[Opening Data section section]

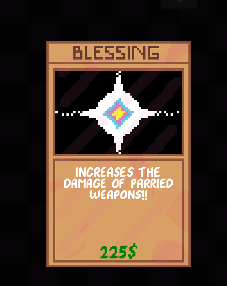 Every 5 rooms, you’ll face a boss—beat it, and you move down to the next floor. The game has two dungeon tilesets and Blessings—cards that change your character’s stats and abilities.
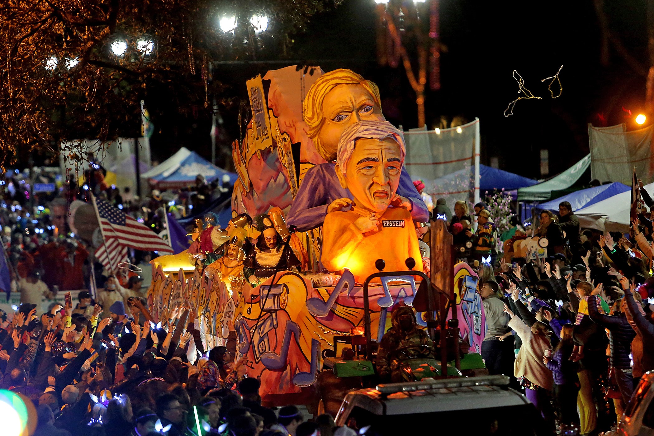 The Epstein float comes up Napoleon Avenue as 540-plus members of Le Krewe D’Etat roll down the Uptown parade route with a satirical 24-float parade with the theme “The DIC Goes to Mardi Gras” as they celebrate their 24th year on Friday, February 21, 2020. (Photo by Michael DeMocker)
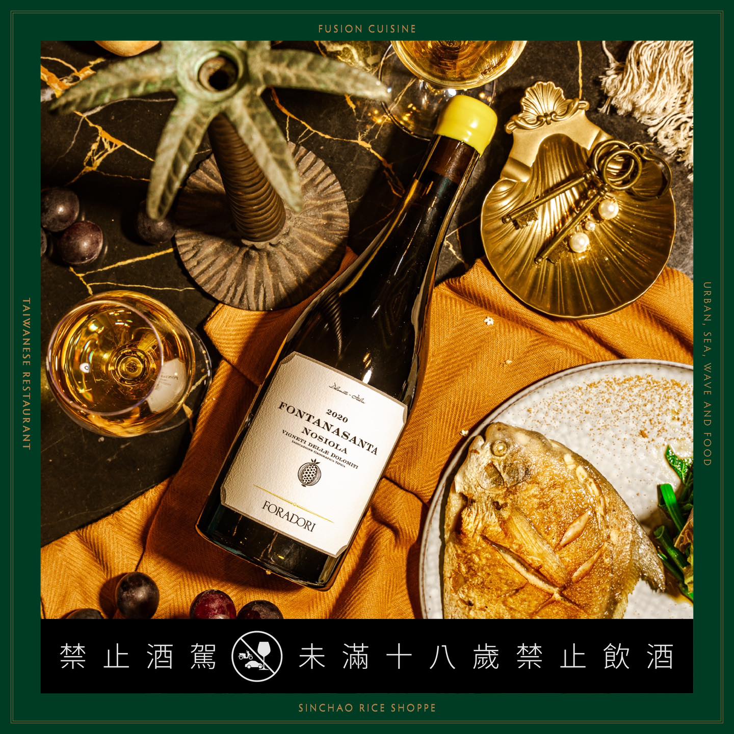 最後是北義的「FONTANASANTA NOSIOLA 2020」,口感柔軟酸度低,喝起來極度優雅細緻,帶有榛子、檸檬、柑橘香與淡淡礦石口感,意外地很適合搭配涼拌冷菜皮蛋剁椒茄子以及乾煎鯧魚,新鮮自然風味在味蕾上輕柔漫舞。
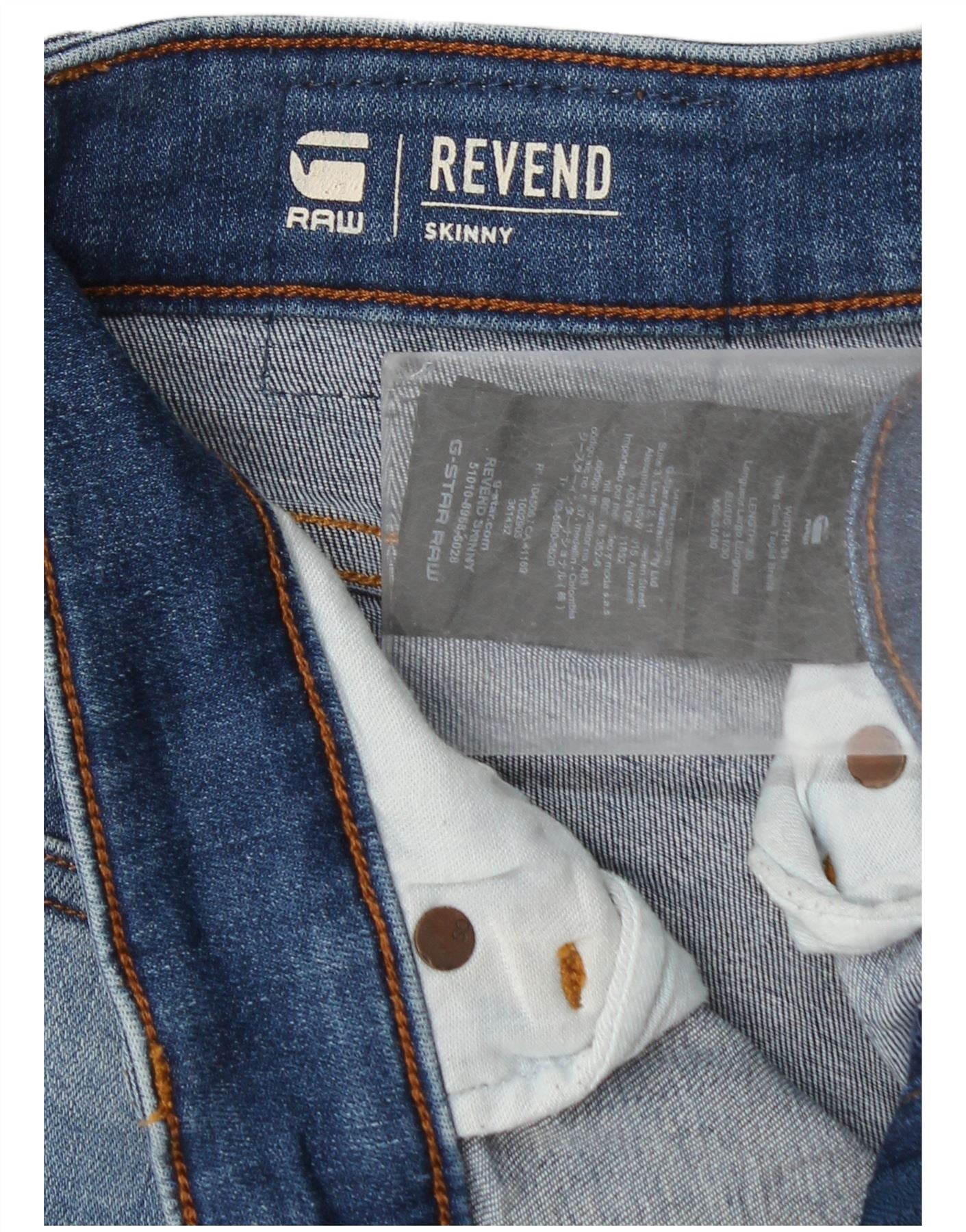 - AI Description: This G-Star Raw men's Revend Skinny jeans are crafted from blue denim with a comfortable stretch. The extra-slim fit hugs the leg from hip to ankle, creating a modern silhouette. A button closure secures the waist, complemented by functional pockets. Subtle logo detailing adds a signature touch. This design offers both style and ease of movement.
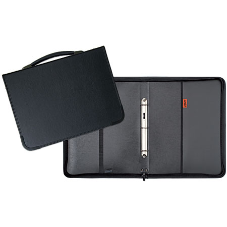 - Silver coloured ringmechanism with locking system - Inside black pocket - Zippered closure - Retractable black handle - Black metal corners and stitching - Capacity : 25 sheet-protectors - Sold empty - Corresponding refill : SPV |

[Closing Data section section]

§ **What to work on**:
Reproduce every line above word for word; no images.

§ **Solution**:
 Every 5 rooms, you’ll face a boss—beat it, and you move down to the next floor. The game has two dungeon tilesets and Blessings—cards that change your character’s stats and abilities.
 The Epstein float comes up Napoleon Avenue as 540-plus members of Le Krewe D’Etat roll down the Uptown parade route with a satirical 24-float parade with the theme “The DIC Goes to Mardi Gras” as they celebrate their 24th year on Friday, February 21, 2020. (Photo by Michael DeMocker)
 最後是北義的「FONTANASANTA NOSIOLA 2020」,口感柔軟酸度低,喝起來極度優雅細緻,帶有榛子、檸檬、柑橘香與淡淡礦石口感,意外地很適合搭配涼拌冷菜皮蛋剁椒茄子以及乾煎鯧魚,新鮮自然風味在味蕾上輕柔漫舞。
 - AI Description: This G-Star Raw men's Revend Skinny jeans are crafted from blue denim with a comfortable stretch. The extra-slim fit hugs the leg from hip to ankle, creating a modern silhouette. A button closure secures the waist, complemented by functional pockets. Subtle logo detailing adds a signature touch. This design offers both style and ease of movement.
 - Silver coloured ringmechanism with locking system - Inside black pocket - Zippered closure - Retractable black handle - Black metal corners and stitching - Capacity : 25 sheet-protectors - Sold empty - Corresponding refill : SPV |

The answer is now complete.